Gemeinsam mit ihren Gästen widmete sich Silke Bake der Frage nach Qualität(en) in der Kunstvermittlung, dabei sollte es nicht um messbare Standards gehen.
Welche Expertise, welche unterschiedlichen Qualitäten zeichnen Ingo Diehl, Astrid Kaminski, und Inge Koks aus und befähigen sie jeweils zur Tanzvermittlung, fragte die Moderatorin Silke Bake ihre Gäste einleitend. Sprächen sie doch alle vorwiegend aus „externen“ Positionen und zumeist in institutionellen Rahmungen über Tanz. Gleichzeitig eröffnete sie die Schwierigkeit der Qualitätsfrage, die immer auch die Idee von Leistung, Standard und Messbarkeit impliziert. Aber was wird da gemessen und aus welcher Perspektive? Der der Künstler*in, Veranstalter*in, Vermittler*in, Zuschauer*in oder der Förderinstitution? Und ist, was die Podiumsgäste jeweils vermitteln, als ein „Unterweisungswissen“, wie es Eva Sturm in ihrem Vortrag definiert hatte, zu verstehen, oder betrachten sie ihre Vermittlung eher als Instrument, mit dem sie Öffnung ermöglichen?
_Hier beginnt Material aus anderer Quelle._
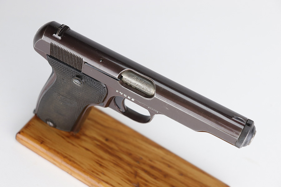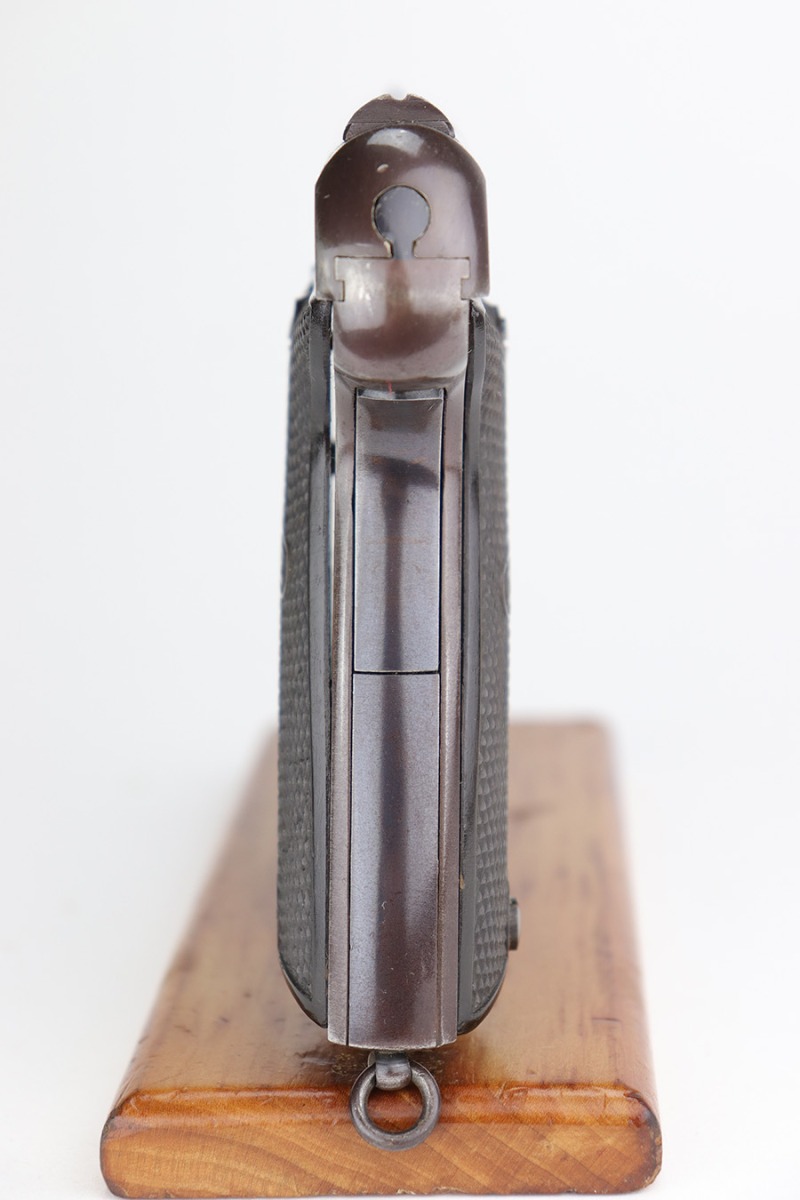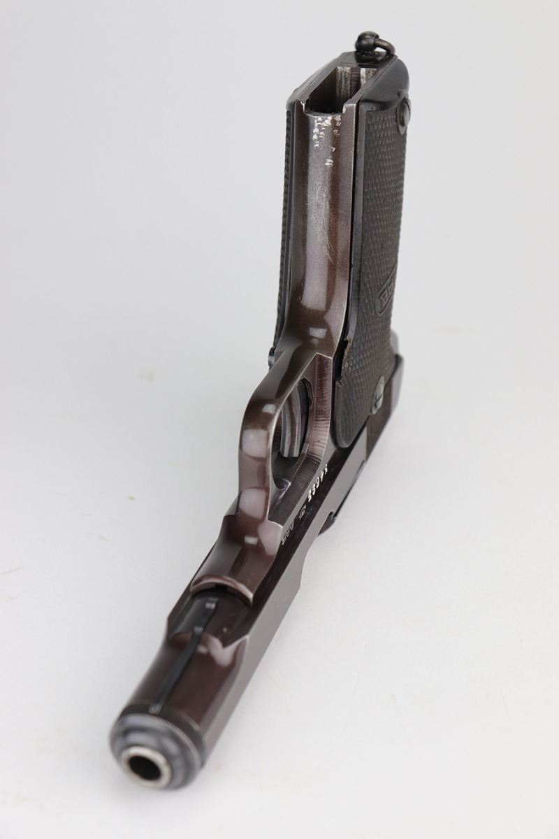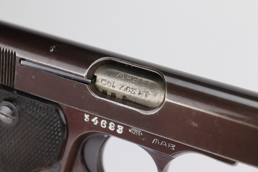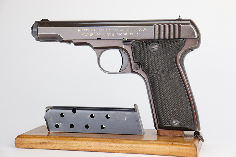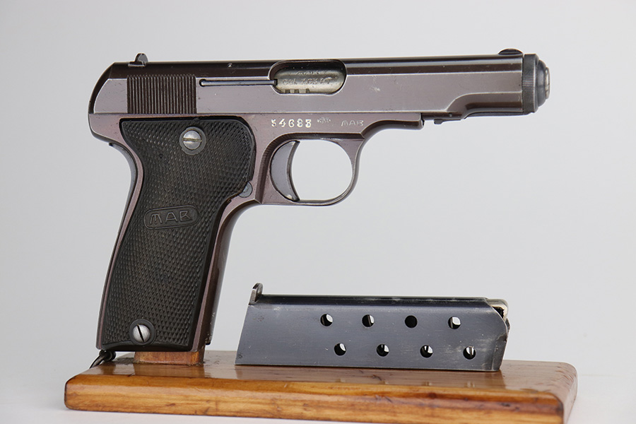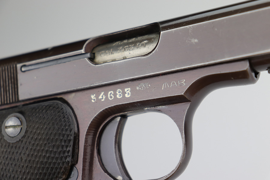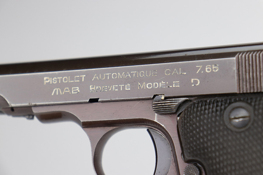 1/10/23 – This is an excellent example of a French MAB Model D made under Nazi occupation and issued to the Nazi military during WW2. The gun is all matching, has the proper “Waffen 251” military acceptance proof on the right side of the slide, and has a Nazi Eagle test proof on the barrel. It has retained about 96% of its original bluing. The finish has a really nice plum hue to it. There is very minor wear around the high edges of the slide. Some minor thinning and a series of small dings on the front strap. Comes with period-correct black bakelite grips (a few tiny chips on the right side) and one period-correct magazine. Mint bore. Original lanyard ring is intact.
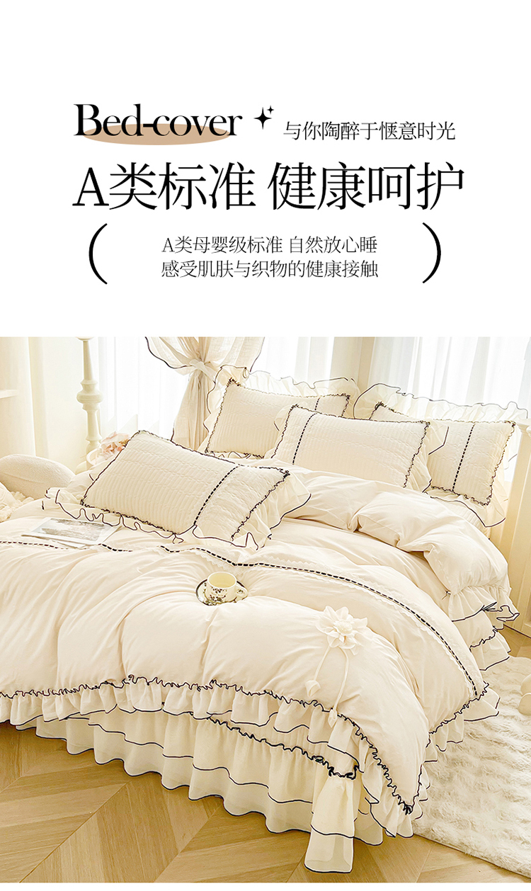 (总)虹星家纺 2024新款A类水洗棉四季款床裙系列套件-四件套,湖水绿,抹茶绿,时尚灰,天空蓝,香妃玉,香蕉黄,香芋紫,樱花粉,云朵白
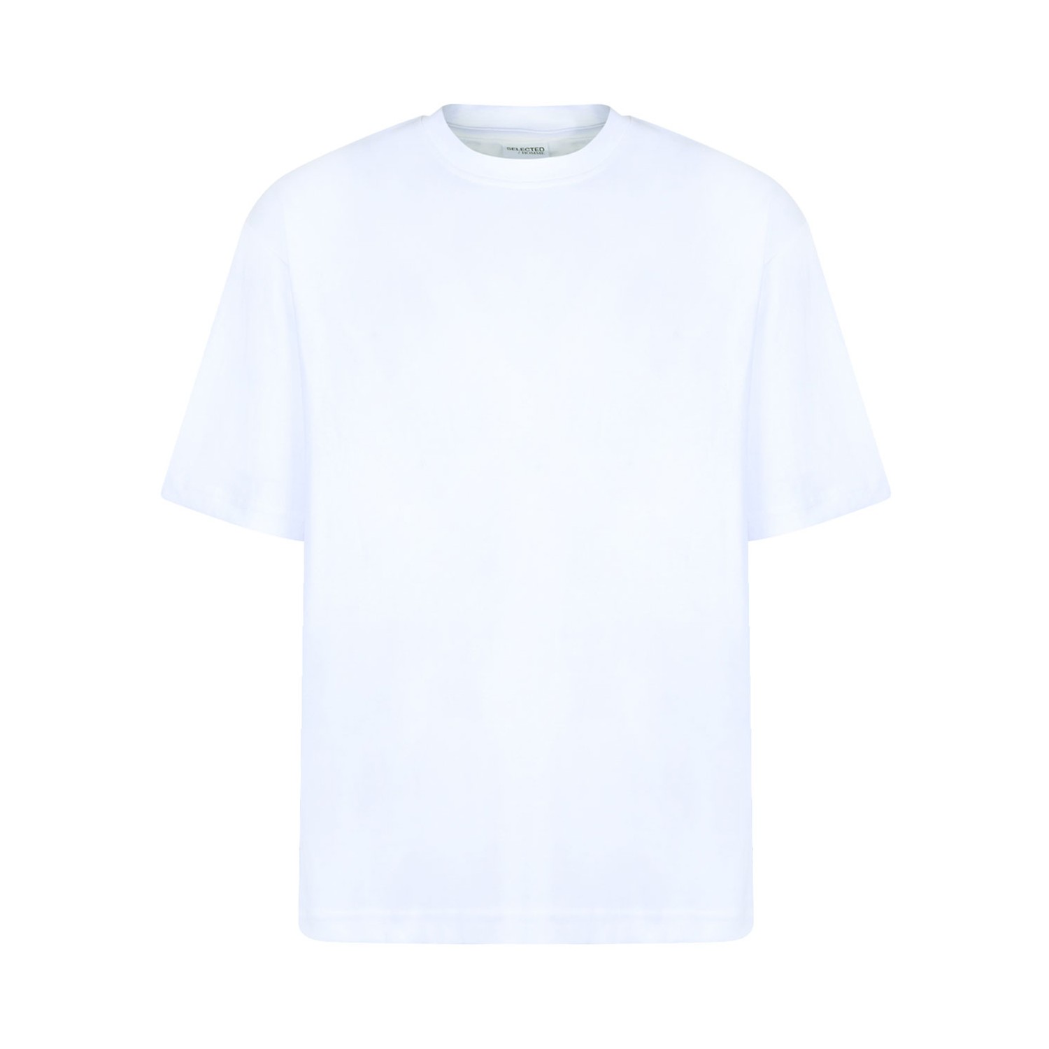 Selected White T-Shirt. White organic cotton t-shirt, crewneck, dropped shoulders, short sleeves.
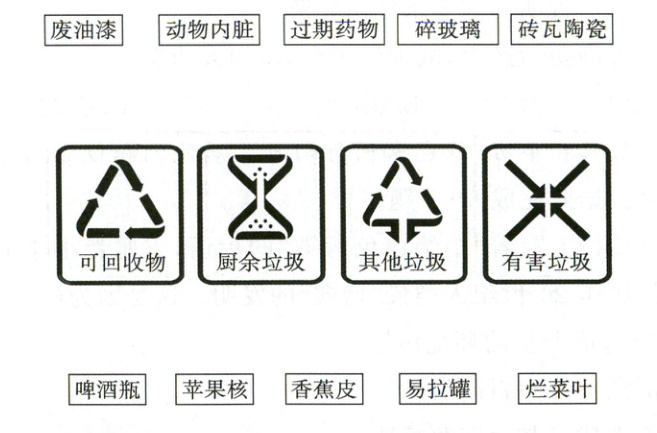 四、请将下列垃圾放进正确的垃圾桶。(10 分)
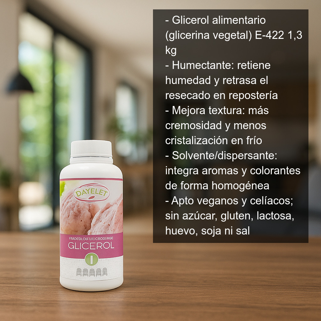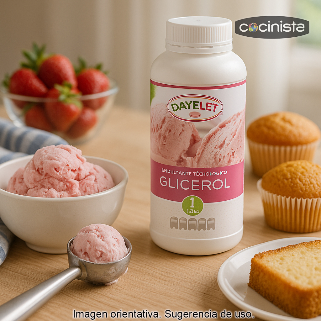 El glicerol alimentario (también conocido como glicerina vegetal, aditivo E-422) es un ingrediente muy versátil en pastelería, heladería y cocina creativa. Se utiliza principalmente por su capacidad para retener humedad, aportar una dulzura suave y mejorar la textura de numerosas elaboraciones, ayudando a conseguir resultados más estables y agradables al paladar.
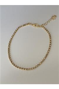 Gumush Gurmet Zincirli Kare Zirkon Taşlı Gold Halhal
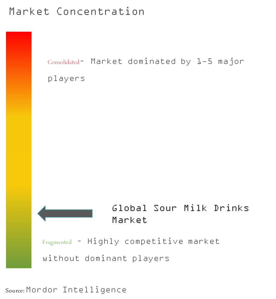 O mercado de bebidas com leite azedo é fragmentado, com as cinco principais empresas ocupando 12,44%. Os principais players deste mercado são Almarai Company, Dairy Farmers of America Inc., Gujarat Co-operative Milk Marketing Federation Ltd, Lifeway Foods Inc. e Nestlé SA (classificados em ordem alfabética).
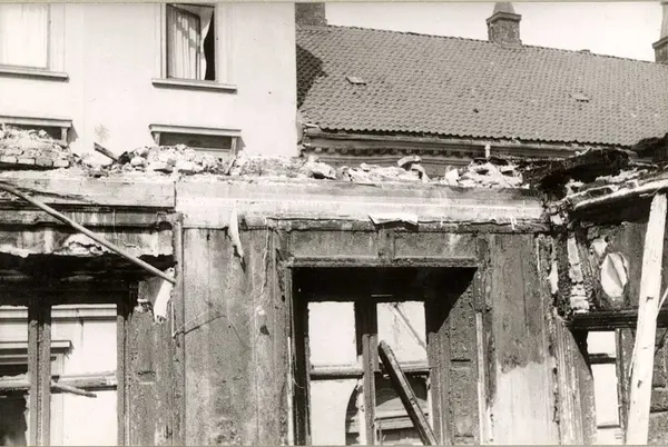 Rester av vegger til Paleet, Fred Olsensgt.6, Oslo. Etter brannen i 1942.
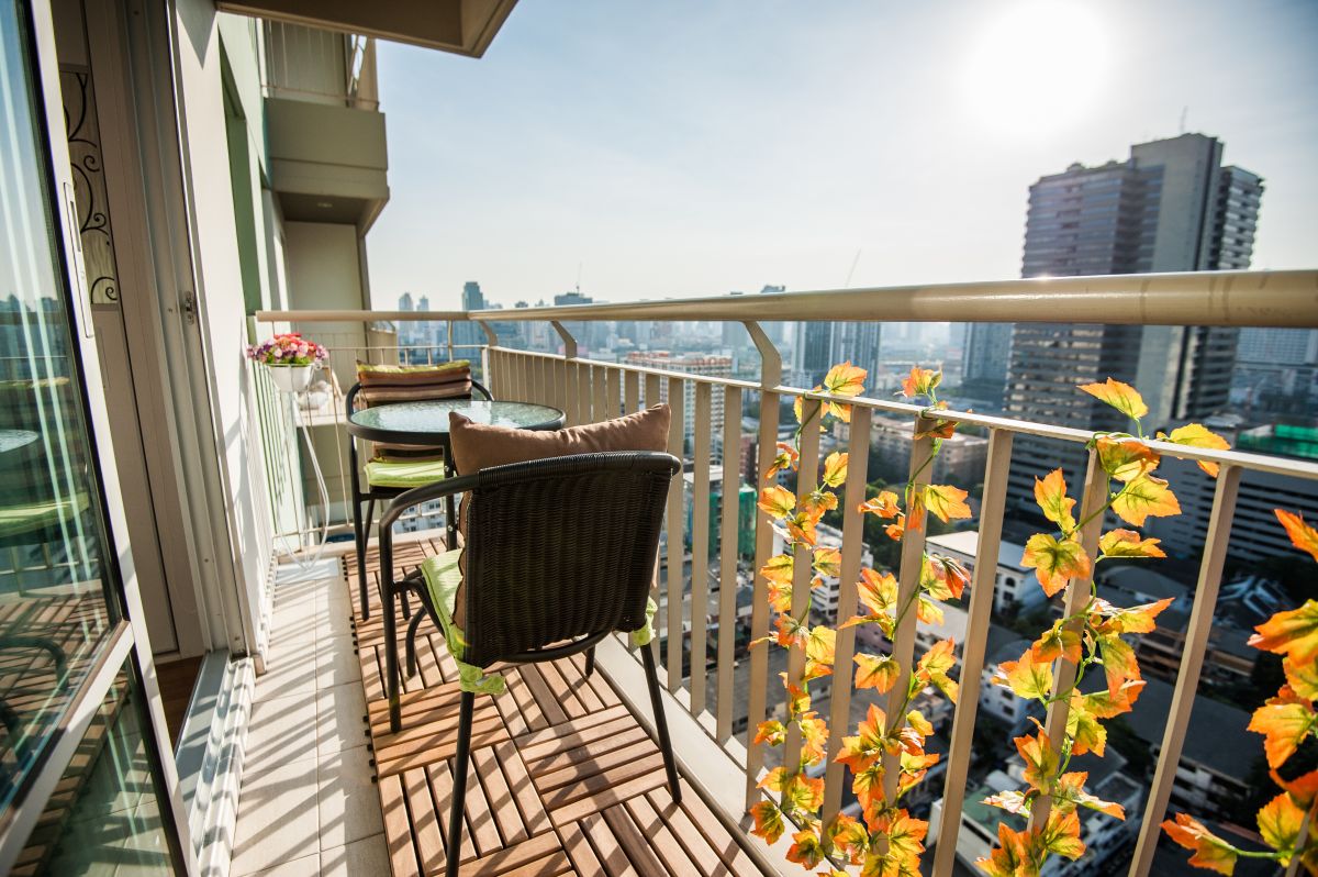 Чаще всего балкон рассматривают как лаунж-зону. Летними вечерами здесь можно наслаждаться окружающим пейзажем, попивая чай или кофе.
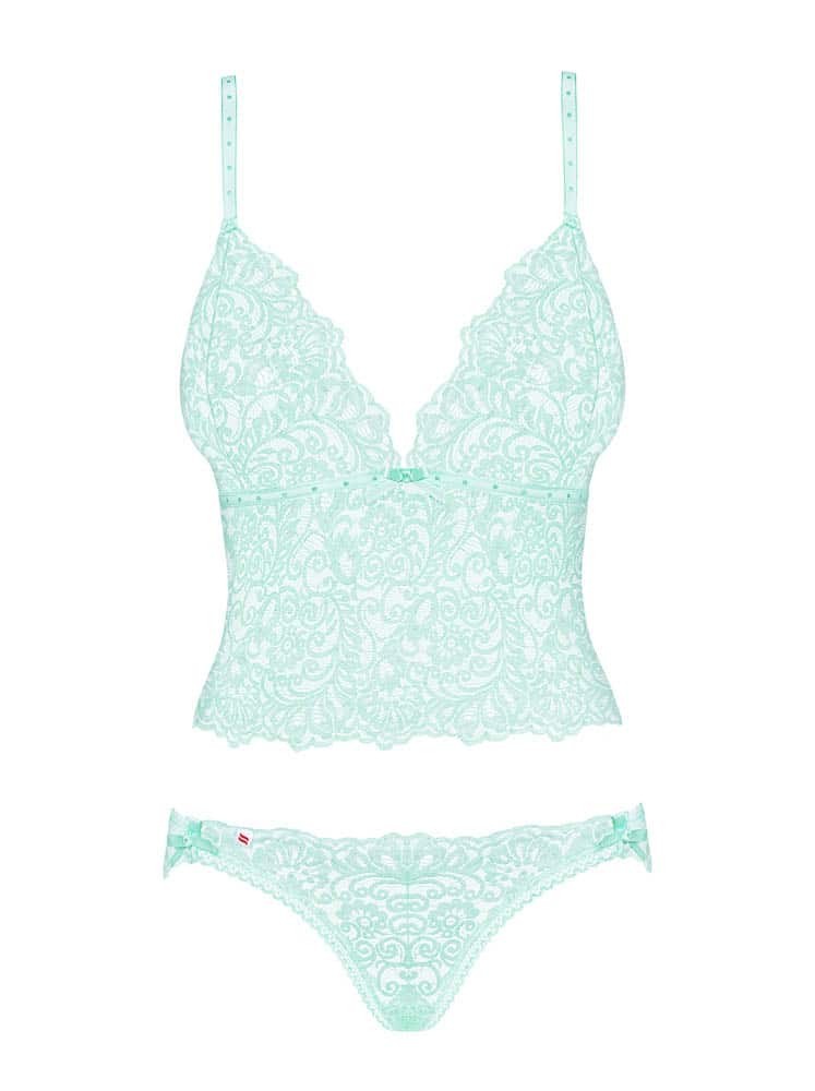 The bra top has adjustable straps and cups without padding or underwire. The matching brief has a high-cut back and leaves most of the buttocks free. The set is made of a nice soft stretchy fabric for a good fit.
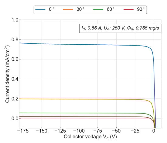 In the second part of the experiment four different potentials (−15 V, −25 V, −50 V and −75 V) have been applied to the collimator in the FC configuration Al.05.P. I–V curves at = 0° are plotted in Figure 15. One can notice all I–V curves are relatively flat when the FC potential is below −100 V. As mentioned in previous studies [73] SEE is characterized by a drop of ion current when the potential applied to the collector is higher than the electrode placed at the entrance of the FC (housing, collimator). Such behavior is not observed in Figure 15, which confirms the choice of FC architecture to suppress SEE.
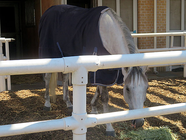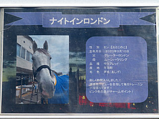 乗馬の展示コーナー。 今日は ペラ、 サファイア、 ナイトインロンドンの3頭が展示されていましたが、 ナイトインロンドンは初顔。 グレーターロンドン産駒で、先月の迎春S16着後、通算23戦3勝で引退。 |
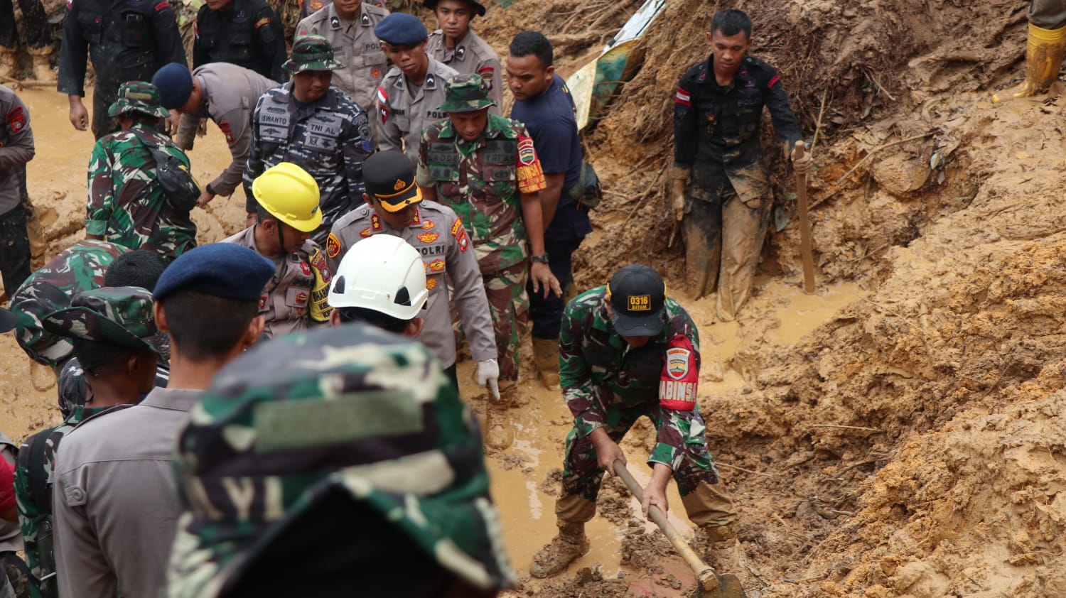 Personel Kodim 0316/Batam bersama warga membersihkan puing-puing dan lumpur pasca tanah longsor di Perumahan Tiban Koperasi, Kelurahan Tiban Baru, Sekupang, Batam, pada Jumat (17/01/2025). Bencana yang terjadi sejak Senin (14/01/2025) itu memicu respons cepat dari TNI untuk memulihkan kondisi lingkungan.
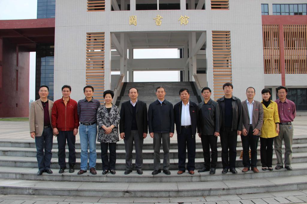 2013年4月23日北大原党委书记闵维方等一行与我校相关人员在图书馆前合影

Astrid Kaminski, die als Tanzjournalistin für unterschiedliche Medien arbeitet, beschrieb ständige Übung, Konfrontation, Selbstinfragestellung, Weiterbildung und ein im-Feld-involviert-Sein als ihre Expertise. Schreibend noch viel mehr als moderierend, bewege sie sich innerhalb eines Marktes, den sie als Herausforderung betrachtet sowie das Wissen um seine Regeln als Qualitätskriterium versteht: Der taz Berlin Kultur z. B. verkaufe man andere Artikel als der FAZ oder der Zeit online.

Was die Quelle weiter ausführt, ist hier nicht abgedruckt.